SAKK38/07 study: integration of baseline metabolic heterogeneity and metabolic tumor volume in DLBCL prognostic model.

2020 
Several functional parameters from baseline (18)F-fluorodeoxyglucose positron emission tomography (PET)/computed tomography have been proposed as promising biomarkers of treatment efficacy in diffuse large B-cell lymphoma (DLBCL). We tested their ability to predict outcome in 2 cohorts of DLBCL patients receiving conventional immunochemotherapy (rituximab, cyclophosphamide, doxorubicin hydrochloride, vincristine sulfate, and prednisone [R-CHOP] regimen), either every 14 (R-CHOP14) or 21 days (R-CHOP21). Baseline PET analysis was performed in 141 patients with DLBCL treated with R-CHOP14 in the prospective SAKK38/07 study (NCT00544219) of the Swiss Group for Clinical Cancer Research (testing set).

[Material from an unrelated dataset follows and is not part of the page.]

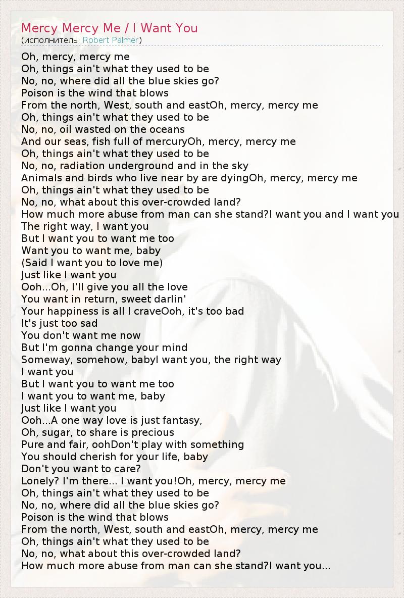 А как ты думаешь, о чем песня "Mercy Mercy Me / I Want You" ?

Reproducibility was examined in a validation set of 113 patients treated with R-CHOP21. In the SAKK38/07 cohort, progression-free survival (PFS) at 5 years was 83% for patients with low metabolic tumor volume (MTV) and 59% for those with high MTV (hazard ratio [HR], 3.4; 95% confidence interval [CI], 1.6-7.0; P = .0005), whereas overall survival (OS) was 91% and 64%, respectively (HR, 4.4; 95% CI, 1.9-10; P = .0001). MTV was the most powerful predictor of outcome also in the validation set. Elevated metabolic heterogeneity (MH) significantly predicted poorer outcomes in the subgroups of patients with elevated MTV. A model integrating MTV and MH identified high-risk patients with shorter PFS (testing set: HR, 5.6; 95% CI, 1.8-17; P < .0001; validation set: HR, 5.6; 95% CI, 1.7-18; P = .0002) and shorter OS (testing set: HR, 9.5; 95% CI, 1.7-52; P < .0001; validation set: HR, 7.6; 95% CI, 2.0-28; P = .0003). This finding was confirmed by an unsupervised regression tree analysis indicating that prognostic models based on MTV and MH may allow early identification of refractory patients who might benefit from treatment intensification. This trial was registered at www.clinicaltrials.gov as #NCT00544219.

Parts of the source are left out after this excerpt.